- **What to do**: When you reach the line with "Una marca extremadamente" in the records below, begin transcribing exactly and continue up to and including the line with "Flow cytometric analysis", leaving out every picture.

- **Exercise input**:
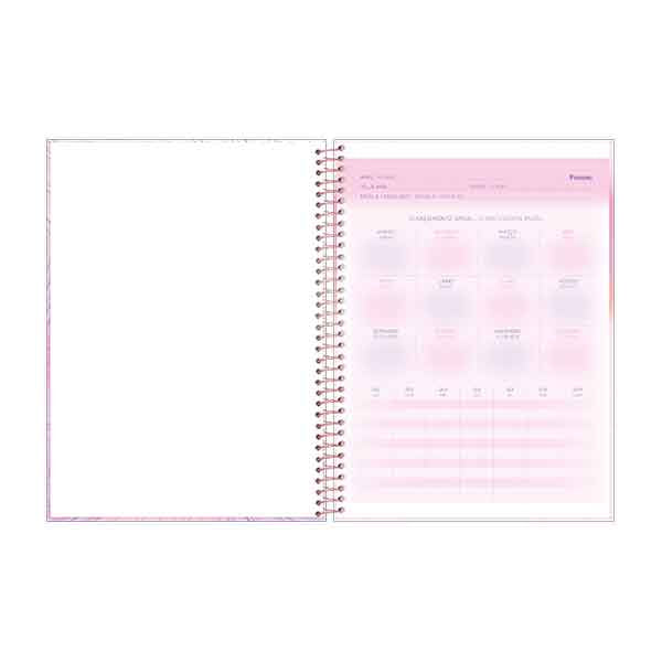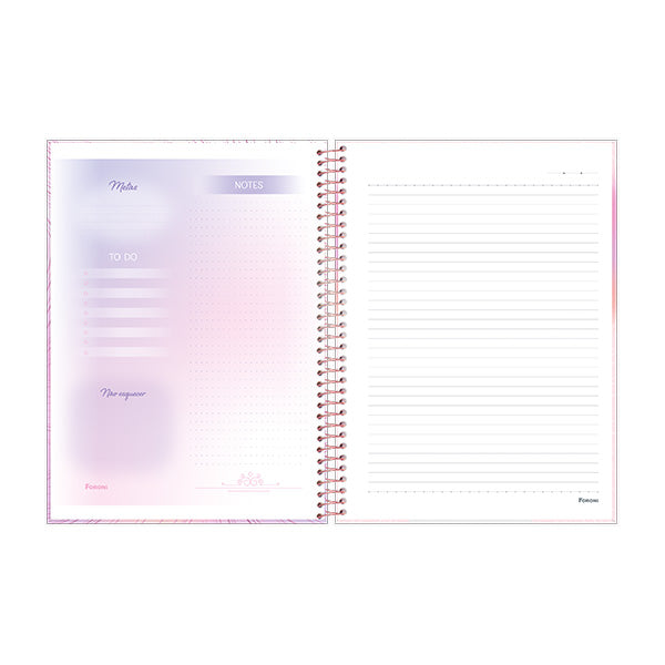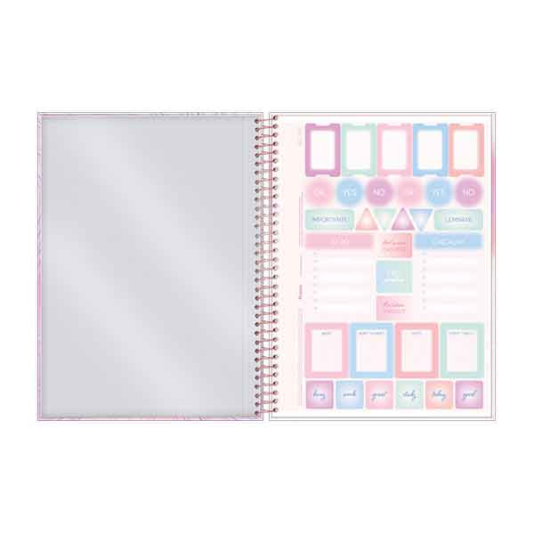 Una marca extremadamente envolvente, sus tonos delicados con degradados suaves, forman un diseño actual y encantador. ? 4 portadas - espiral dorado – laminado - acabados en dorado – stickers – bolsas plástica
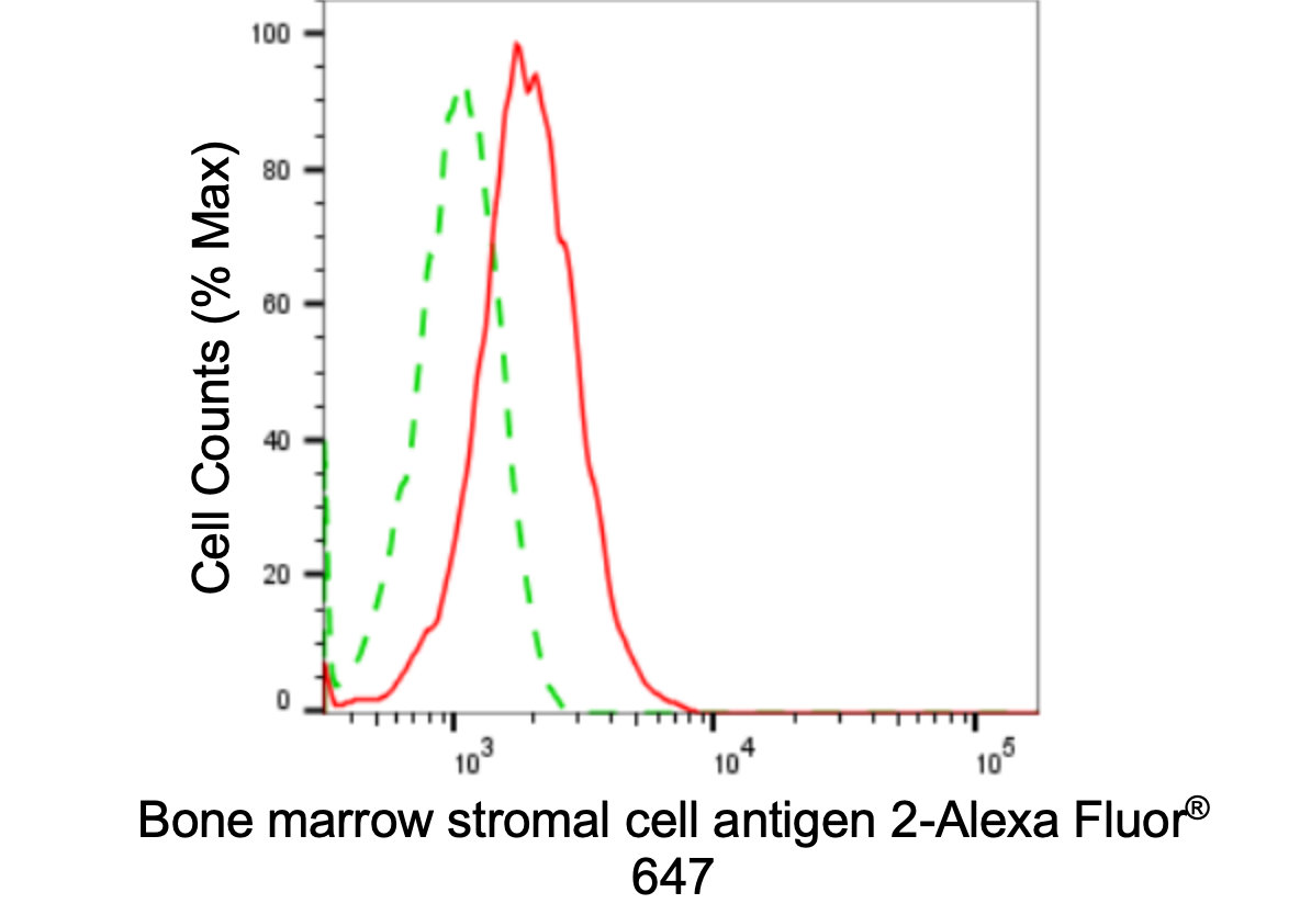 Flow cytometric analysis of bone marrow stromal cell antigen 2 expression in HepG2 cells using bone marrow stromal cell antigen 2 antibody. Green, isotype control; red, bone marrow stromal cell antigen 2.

...

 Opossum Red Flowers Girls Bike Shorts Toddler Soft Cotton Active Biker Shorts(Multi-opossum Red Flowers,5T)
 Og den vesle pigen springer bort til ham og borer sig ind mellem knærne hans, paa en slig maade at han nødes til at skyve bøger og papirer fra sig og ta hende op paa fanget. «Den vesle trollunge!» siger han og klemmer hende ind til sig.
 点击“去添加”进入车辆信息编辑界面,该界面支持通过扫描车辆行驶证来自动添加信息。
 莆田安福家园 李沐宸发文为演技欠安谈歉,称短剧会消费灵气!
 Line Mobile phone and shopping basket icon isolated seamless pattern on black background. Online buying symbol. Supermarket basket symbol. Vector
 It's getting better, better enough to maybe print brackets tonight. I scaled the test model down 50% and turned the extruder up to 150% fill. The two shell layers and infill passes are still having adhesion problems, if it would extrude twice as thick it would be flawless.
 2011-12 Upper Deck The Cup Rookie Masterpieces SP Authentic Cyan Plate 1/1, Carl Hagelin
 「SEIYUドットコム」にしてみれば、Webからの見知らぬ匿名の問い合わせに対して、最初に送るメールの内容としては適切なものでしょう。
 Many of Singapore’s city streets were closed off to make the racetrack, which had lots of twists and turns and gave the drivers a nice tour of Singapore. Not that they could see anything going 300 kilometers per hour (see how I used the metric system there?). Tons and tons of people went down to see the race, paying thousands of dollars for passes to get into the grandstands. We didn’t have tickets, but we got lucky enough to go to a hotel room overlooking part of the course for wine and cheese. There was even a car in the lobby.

...

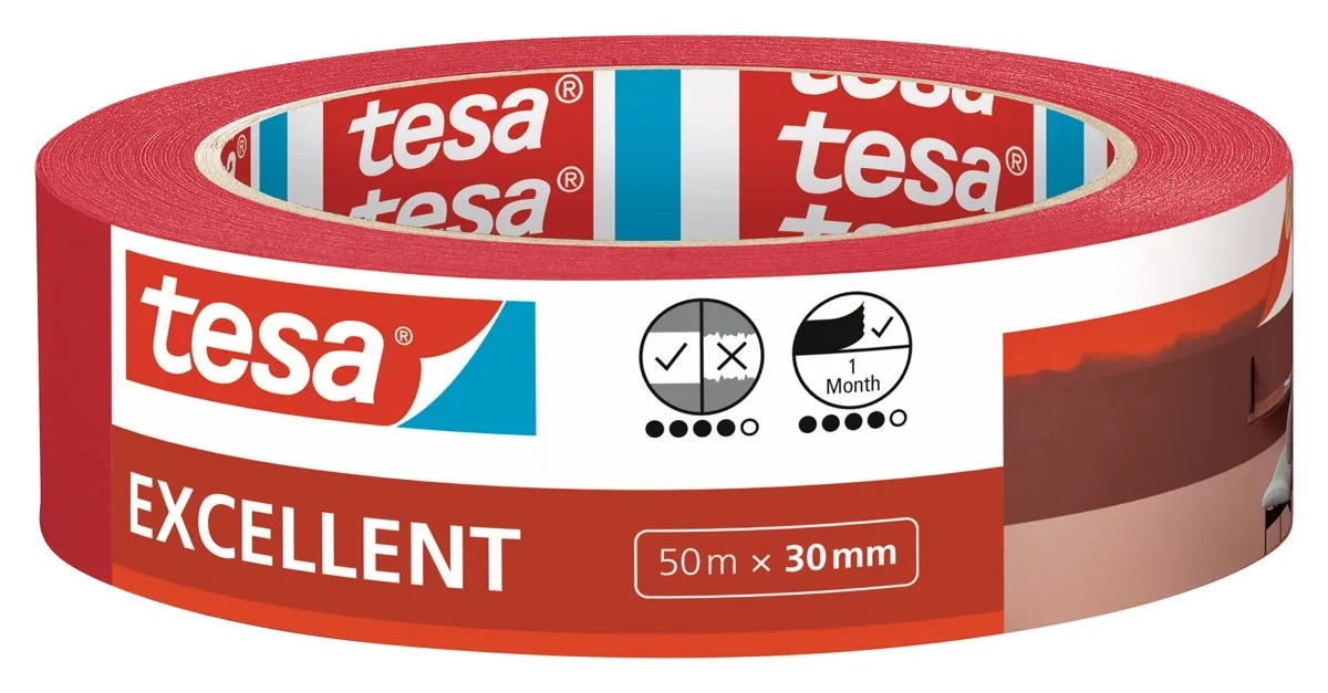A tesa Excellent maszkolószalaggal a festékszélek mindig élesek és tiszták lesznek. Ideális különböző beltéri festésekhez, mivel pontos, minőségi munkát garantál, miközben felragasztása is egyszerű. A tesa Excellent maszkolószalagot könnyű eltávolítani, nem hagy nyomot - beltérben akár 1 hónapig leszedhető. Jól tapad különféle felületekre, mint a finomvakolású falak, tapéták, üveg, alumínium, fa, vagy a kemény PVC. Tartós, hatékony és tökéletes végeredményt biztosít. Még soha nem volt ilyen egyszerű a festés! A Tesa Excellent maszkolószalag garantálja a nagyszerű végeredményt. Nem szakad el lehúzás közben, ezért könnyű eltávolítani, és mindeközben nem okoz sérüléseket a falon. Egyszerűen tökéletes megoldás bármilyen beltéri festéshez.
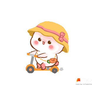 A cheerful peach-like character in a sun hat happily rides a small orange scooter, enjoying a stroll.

- **Written response**:
 Una marca extremadamente envolvente, sus tonos delicados con degradados suaves, forman un diseño actual y encantador. ? 4 portadas - espiral dorado – laminado - acabados en dorado – stickers – bolsas plástica
 Flow cytometric analysis of bone marrow stromal cell antigen 2 expression in HepG2 cells using bone marrow stromal cell antigen 2 antibody. Green, isotype control; red, bone marrow stromal cell antigen 2.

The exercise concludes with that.